How too much parking hurt cities
Big roads and parking garages are so common in American cities that it's easy to forget these places once functioned exceptionally well without them. However, in their persistent battle to satisfy the demands of motorists, many urban areas are losing out.
In the early 1960s – when highway construction was at its peak and cars were just beginning to leave their mark – a handful of critics predicted there would be irreconcilable tensions between vibrant cities and their motorized inhabitants. Nearly 50 years later, researchers at the University of Pennsylvania published research validating this idea.
Their conceptual model was based on a straightforward premise: cars take up a lot of space, especially when it comes to storing them all day while their owners work. In dense cities where land is scarce, according to the model, more cars meant there would be fewer people, unless those people could be stacked in taller buildings with smaller footprints.
For many cities, this seems to be what happened. Cities were gutted to make room for cars and buildings got taller. But what happened to the people? Our research team at the University of Connecticut set out to answer this question.
For our study, recently published in Urban Design International, we analyzed a dozen historically dense, small cities from around the country in which the shares of residents getting to work by automobile range from 43 to 91 percent. We compared the rates of automobile use to the number residents and employees per square mile.
We found that cities with higher rates of driving have fewer people – a difference of more than 4,000 people per square mile for each 10 percent change in automobile use. As the Penn model suggests, this has to do with the amount of land used to move and store all those cars.
As it turns out, the amount of land used for parking is a key indicator of how seriously automobile infrastructure has impacted an urban environment. We were able to determine the amount of off-street parking in each of our cities by looking at aerial photographs. What we found was shocking. In cities with higher rates of automobile use (roughly 30 percent more driving), about twice as much land is committed to parking for each resident and employee.
Parking disrupts the urban fabric in places like Hartford, where it occupies more than 20 percent downtown land.
Part of the reason for these huge differences in automobile use and infrastructure among the cities can be explained by considering how they have changed over the past fifty years. We mapped changes in parking supplies since 1960 for six of the cities in our study. As expected, all of the cities bolstered their parking considerably. The city leaders played an important role, either by requiring developers to include parking or by having it built themselves. Municipal records reveal they did this in hopes that it would support economic development and help their cities compete with the surrounding suburbs.
However, this philosophy changed in some of the cities after 1980. In Cambridge, Massachusetts, for example, officials adopted parking limits in the zoning code – parking limits that are lower than the minimum parking requirements in some cities today. Of the six cities we looked at, parking supplies in three cities just about leveled off after 1980. In the other three, parking supplies nearly doubled for a second time.

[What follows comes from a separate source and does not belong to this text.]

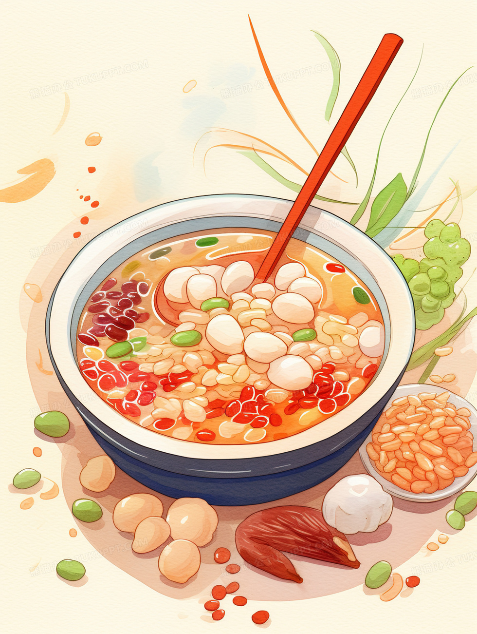 本作品内容为五谷杂粮美味八宝粥美食插画, 格式为 jpg, 大小6 MB, 图片尺寸为1856 x 2464, 源文件无水印, 欢迎使用熊猫办公。 如认为平台内容涉嫌侵权,可通过邮件:tousu@tukuppt.com提出书面通知,我们将及时处理。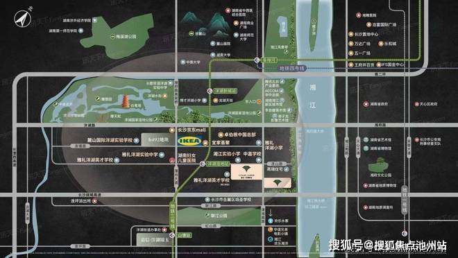 周边直线3km范围内有4个地铁站(洋湖湿地、山塘、洋湖新城、大王山),轨道交通发达,距离最近的地铁站是洋湖湿地。

If the function of parking in these places was to enable growth and development, the data suggests they were abysmal failures. The number of people and jobs dropped by as much as 15 percent and the median family incomes fell by 20 to 30 percent in some places. Today, these places still struggle to compete in their regions.
What actually increased in these cities were the rates of driving. Driving increased for people commuting in and out of the city by more than 30 percent. But even for shorter trips within each city, driving increased by as much as 45 percent. Even worse, this change was the most pronounced in places where vehicle ownership rates remained the lowest (low-income cities). The combined effects of improved convenience for drivers, a degraded walking environment, service cuts to public transit and the physical separation of residential and commercial areas were forcing city-dwellers into cars.
Cities like Berkeley, Arlington and Cambridge experienced something different. Even as they cut back on surface parking, the number of people and jobs climbed upward, as did incomes. Less parking in these places has meant the urban fabric can be stitched back together and there is more space for shops, restaurants, jobs and other things that make cities great. More importantly, the parking isn’t needed. People own cars at higher rates, but they don’t use them as much. Instead, they live close to the urban core where upwards of 30 percent walk or bike to work.
Today, in many cities, roads and parking facilities continue to grow, as though the problem for the last 50 years has been that the growth was not enough. These cities might be able to guarantee a parking space in front of every destination that still remains (or they might not), but they are likely doing so at the expense of those things that cities really need – namely, people.
Norman Garrick is Associate Professor of Civil Engineering at the University of Connecticut and a board member of the Congress for the New Urbanism. This year he was also a Visiting Professor at the Swiss Federal Institute of Technology in Zurich.
Chris McCahill holds a Ph.D. in civil engineering from the University of Connecticut. He was a 2012 Eno Fellow at the Eno Center for Transportation in Washington, DC, and currently works on the Project for Transportation Reform with the Congress for the New Urbanism in Chicago.